What is 'Smart Beta'
Smart beta defines a set of investment strategies that emphasize the use of alternative index construction rules to traditional market capitalization based indices. Smart beta emphasizes capturing investment factors or market inefficiencies in a rules-based and transparent way. The increased popularity of smart beta is linked to a desire for portfolio risk management and diversification along factor dimensions as well as seeking to enhance risk-adjusted returns above cap-weighted indices.

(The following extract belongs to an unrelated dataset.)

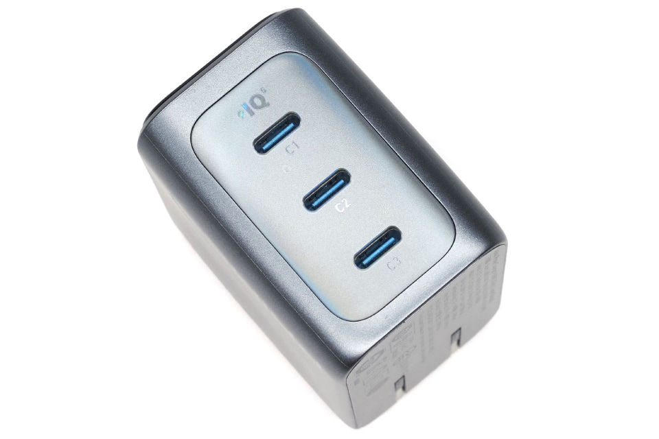まずはAnker Prime Charger (160W, 3 Ports)の基本的な仕様から。給電用USB-Cポート×3を備えたUSB急速充電器で、合計最大出力は160W、サイズは約65×52×35mmで、重さは約220g。前述のとおり、この出力の携帯向け多ポートUSB急速充電器としては世界最小クラスだ。

BREAKING DOWN 'Smart Beta'
Investment managers that follow a smart beta investment strategy seek to passively follow indices, while also taking into account alternative weighting schemes such as volatility. That's because smart beta strategies are implemented like a typical index strategies in that the index rules are set and transparent. Smart Beta strategies will differ from standard indices, such as the S&P 500 or the Barclays Aggregate, in that the indices focus on areas of the market that offer an opportunity for exploitation.
Since the manager is implementing the strategy in a passive index way, this type of investment approach is estimated to cost less than active investment management, and likely to cost marginally more than traditional market-cap weighted index management. The goal of smart beta is to obtain alpha, lower risk or increase diversification in a more cost-effective manner.
There is no single approach to developing a smart beta investment strategy, as the goals for investors can be different based on their needs, though some managers are prescriptive in identifying smart beta ideas that are value creating and economically intuitive. Equity smart beta seeks to address inefficiencies created by market-capitalization-weighted benchmarks. Managers may take a thematic approach to managing this risk by focusing on mispricing created by investors seeking short-term gains.
A risk-weighted approach to smart beta involves the establishment of an index based upon assumptions of future volatilities. This may involve an analysis of historical performance and the correlation between an investment's risk relative to its return. The manager must evaluate how many assumptions he or she is willing to build into the index, and can approach the index by assuming a combination of different correlations.